Work Done On Equipotential Surface

An equipotential surface is an area in which all the potential charges of various points are the same. This makes the electrostatic forces that usually act on charges completely null and void, making the charges move freely without any disturbance. Hence, the work done in moving two points in an equipotential surface is zero. The surface of an electric conductor is the best example of an equipotential surface. 

Definition of Equipotential Surface

When the charge at any given point on a surface is equal to every other charge present on the surface, such a surface is called an Equipotential surface or a potential Isosurface. As the name suggests, such surfaces have a set potential charge at all points on them. 

When a charge moving from point A to Point B gains some amount of energy in the movement depending on the type of charge – negative or positive – we calculate the amount of work done in terms of Joules.
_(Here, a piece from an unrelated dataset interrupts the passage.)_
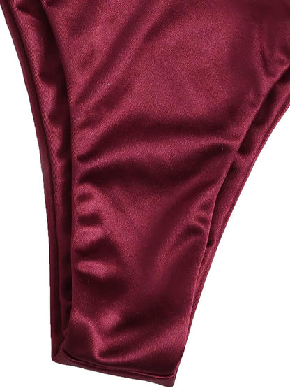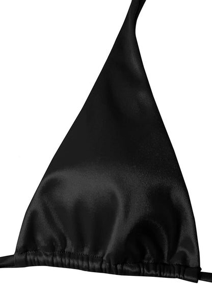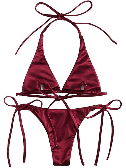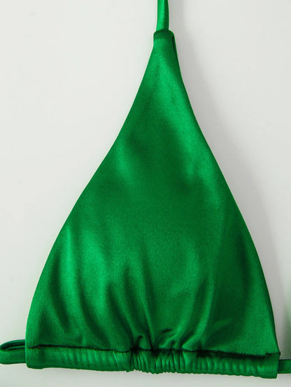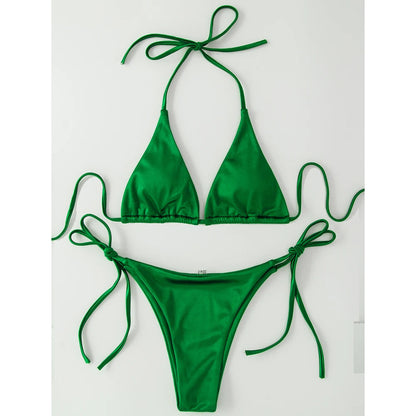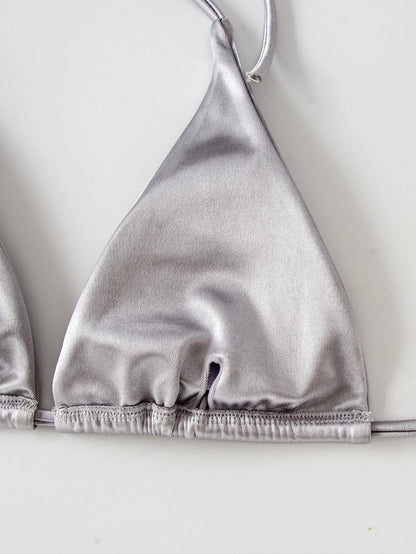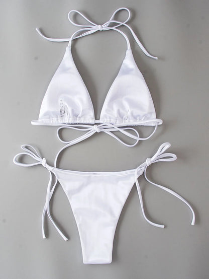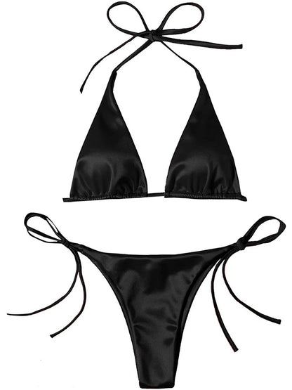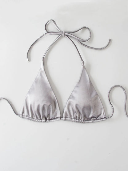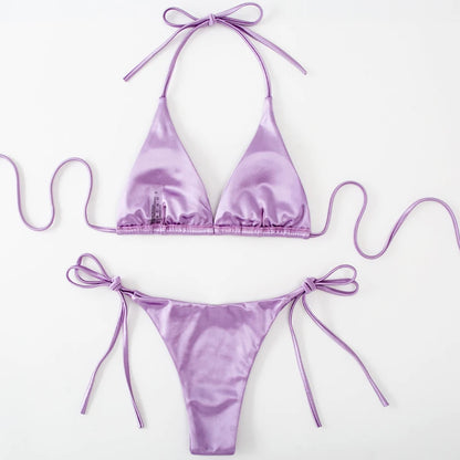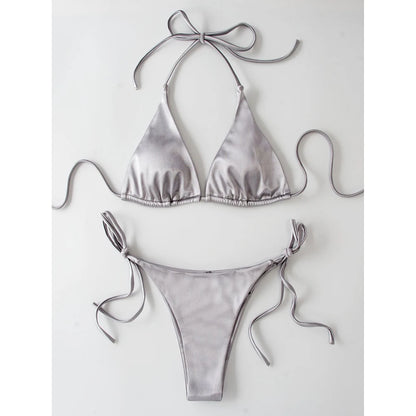 Metallic Halter Triangle Swimsuit Women Swimwear Bathing Suits Brazilian Thong Micro Bikinis Set Beach Wear

The Formula for Equipotential Surfaces

In an electromagnetic field, the charges, while moving from one point to another, have to gain some energy to make this movement happen. This energy is called electrostatic potential energy. However, in the case of an equipotential surface, this work is reduced to nothing as, at this particular point, the potential charges of points become the same. 

The formula used to calculate the magnitude of charge needed to move from point A to Point B is: 

W= q0(VA- VB)

If the equipotential surface has the same charge for all points, the charge on point A will be equal to the charge on Point B, which makes the whole equation sum to a zero.

Characteristics of an Equipotential Surface

The following are the characteristics of an equipotential surface:

• Every equipotential surface has an electromagnetic field that lies at a perfect right angle to its parallel.

• Two equipotential surfaces can never meet.

• There are concentric circles around the central point charge on the equipotential surface when the charge is negative, and when the charge is positive, there are radiating lines from the centre.

• The difference between a strong electromagnetic field and a weak one depends upon the distance between the two equipotential surfaces.

• The potential charges of points remain equal at an equipotential surface, making the work done by the moment of a unit charge equal to zero.

Equatorial Surface

To understand how the wind stress, which is otherwise exerted by the winds, is relaxed at exactly the midpoint of the Earth, we need to understand the theory of Michael Faraday. This theory states that when there is a hollow sphere that repels or blocks the electromagnetic field, it so happens that the middle circumference of the sphere acts as an Equipotential Surface. 

This is why the winds that move or blow from the 30 degrees north and south latitudes towards the equator have reduced the stress of wind, making it possible for the winds to move freely in this region. In an electric conductor, the charges at any given point on its surface remain the same. So is the case with the equatorial regions that lie in the middle of all latitudes covering approximately 6% of the total landmass of the Earth that lay in a band around the equator.  

Conclusion

The work is done to move a positive unit charge from one point to another on an equipotential surface equal to zero. This happens because the most outstanding property of an equipotential surface is that it is the point at which any given point is equal to all the other points that are potentially charged. The work that is done to move a potential charge is completely zero; therefore, the work done also equals zero Joules.